[WHAT TO PRODUCE] Search the entries for the word "this" and return every line where it is found.

Start of DATA PROVIDED

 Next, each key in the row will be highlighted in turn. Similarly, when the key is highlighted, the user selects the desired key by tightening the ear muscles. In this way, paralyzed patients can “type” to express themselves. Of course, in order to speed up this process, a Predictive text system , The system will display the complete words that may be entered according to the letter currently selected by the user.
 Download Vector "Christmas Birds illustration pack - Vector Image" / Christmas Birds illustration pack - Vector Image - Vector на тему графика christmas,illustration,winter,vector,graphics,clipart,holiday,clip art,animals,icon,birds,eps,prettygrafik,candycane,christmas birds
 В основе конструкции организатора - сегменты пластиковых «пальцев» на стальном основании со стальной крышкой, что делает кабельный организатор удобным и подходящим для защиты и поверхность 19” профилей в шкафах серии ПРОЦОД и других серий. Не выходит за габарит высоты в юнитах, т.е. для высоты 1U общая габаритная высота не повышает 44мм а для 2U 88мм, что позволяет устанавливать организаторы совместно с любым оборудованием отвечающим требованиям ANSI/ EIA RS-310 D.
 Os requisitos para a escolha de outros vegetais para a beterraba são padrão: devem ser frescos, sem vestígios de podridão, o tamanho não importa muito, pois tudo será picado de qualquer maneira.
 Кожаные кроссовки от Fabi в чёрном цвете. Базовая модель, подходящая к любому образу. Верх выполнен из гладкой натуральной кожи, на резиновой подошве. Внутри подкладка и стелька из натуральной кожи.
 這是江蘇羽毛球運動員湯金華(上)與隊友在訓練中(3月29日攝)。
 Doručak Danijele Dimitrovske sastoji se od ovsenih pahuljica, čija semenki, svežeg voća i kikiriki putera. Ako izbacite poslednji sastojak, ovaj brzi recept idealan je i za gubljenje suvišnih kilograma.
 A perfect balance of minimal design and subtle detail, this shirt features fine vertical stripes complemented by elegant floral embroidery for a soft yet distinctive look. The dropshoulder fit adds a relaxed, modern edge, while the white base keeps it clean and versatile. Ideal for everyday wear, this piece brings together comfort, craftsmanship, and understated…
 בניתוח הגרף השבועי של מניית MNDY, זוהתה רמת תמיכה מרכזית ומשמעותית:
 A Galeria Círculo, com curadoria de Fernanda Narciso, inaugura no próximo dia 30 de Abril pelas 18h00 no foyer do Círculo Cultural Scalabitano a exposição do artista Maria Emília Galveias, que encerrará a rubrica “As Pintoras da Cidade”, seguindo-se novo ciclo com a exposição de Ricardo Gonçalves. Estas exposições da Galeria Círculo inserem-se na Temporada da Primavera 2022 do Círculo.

End of DATA PROVIDED

[RESPONSE BOX]
 Next, each key in the row will be highlighted in turn. Similarly, when the key is highlighted, the user selects the desired key by tightening the ear muscles. In this way, paralyzed patients can “type” to express themselves. Of course, in order to speed up this process, a Predictive text system , The system will display the complete words that may be entered according to the letter currently selected by the user.
 A perfect balance of minimal design and subtle detail, this shirt features fine vertical stripes complemented by elegant floral embroidery for a soft yet distinctive look. The dropshoulder fit adds a relaxed, modern edge, while the white base keeps it clean and versatile. Ideal for everyday wear, this piece brings together comfort, craftsmanship, and understated…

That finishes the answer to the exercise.